* Task brief:
Print only the lines running from the line with "7.2.10 Buy Parker" to the final line below, both included, exactly as written and without the pictures.

* Information shown:
★ ★ ★ ★ ★ ★ ★
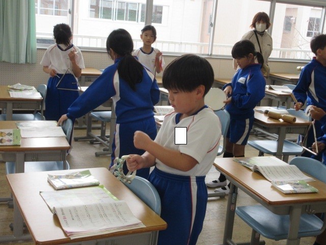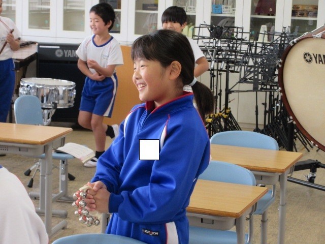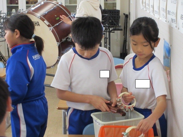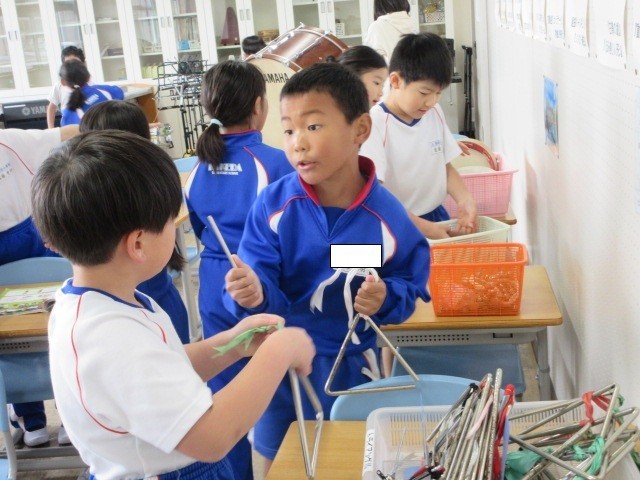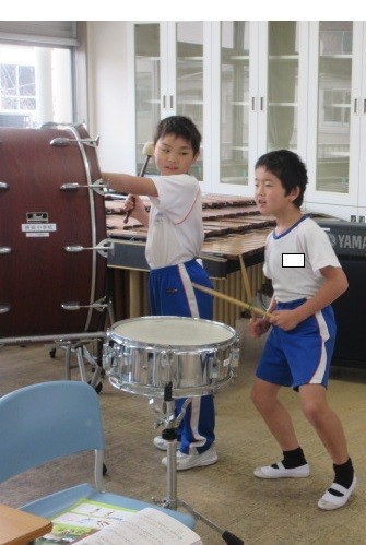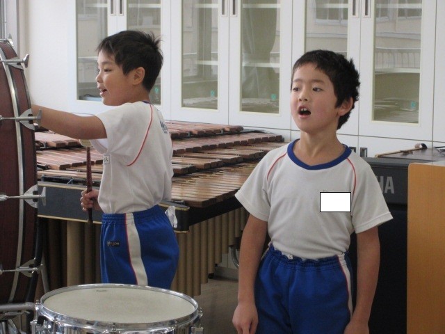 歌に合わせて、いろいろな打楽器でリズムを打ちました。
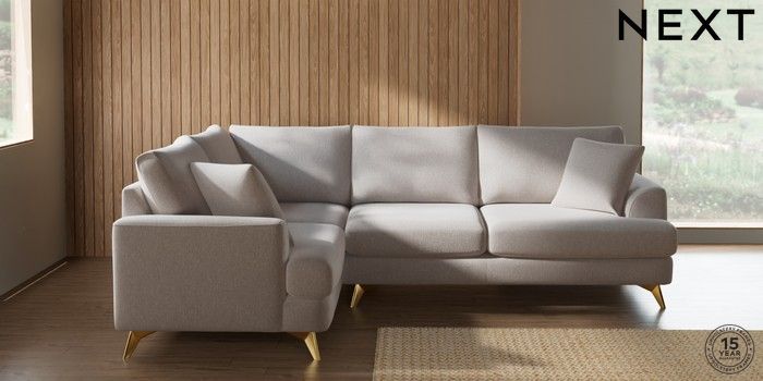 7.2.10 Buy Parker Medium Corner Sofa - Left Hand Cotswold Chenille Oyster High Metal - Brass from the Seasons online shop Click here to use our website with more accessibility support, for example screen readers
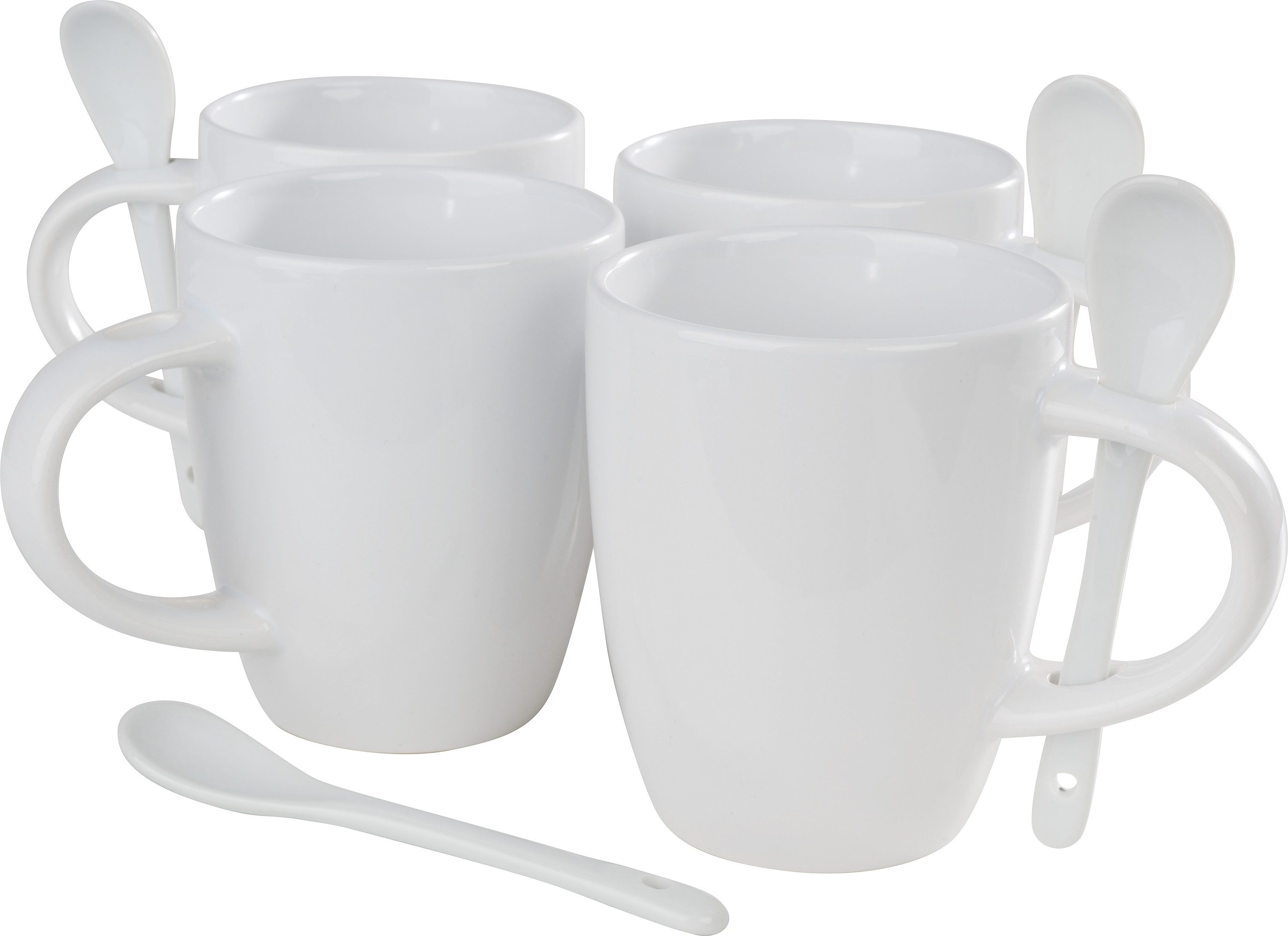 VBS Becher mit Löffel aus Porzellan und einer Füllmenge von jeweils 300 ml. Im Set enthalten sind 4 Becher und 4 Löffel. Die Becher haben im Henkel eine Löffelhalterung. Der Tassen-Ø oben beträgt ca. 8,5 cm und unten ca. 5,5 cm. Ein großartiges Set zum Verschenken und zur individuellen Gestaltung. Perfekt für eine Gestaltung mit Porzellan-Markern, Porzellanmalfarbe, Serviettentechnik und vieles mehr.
★ ★ ★ ★ ★ ★ ★
* Worked solution:
 7.2.10 Buy Parker Medium Corner Sofa - Left Hand Cotswold Chenille Oyster High Metal - Brass from the Seasons online shop Click here to use our website with more accessibility support, for example screen readers
 VBS Becher mit Löffel aus Porzellan und einer Füllmenge von jeweils 300 ml. Im Set enthalten sind 4 Becher und 4 Löffel. Die Becher haben im Henkel eine Löffelhalterung. Der Tassen-Ø oben beträgt ca. 8,5 cm und unten ca. 5,5 cm. Ein großartiges Set zum Verschenken und zur individuellen Gestaltung. Perfekt für eine Gestaltung mit Porzellan-Markern, Porzellanmalfarbe, Serviettentechnik und vieles mehr.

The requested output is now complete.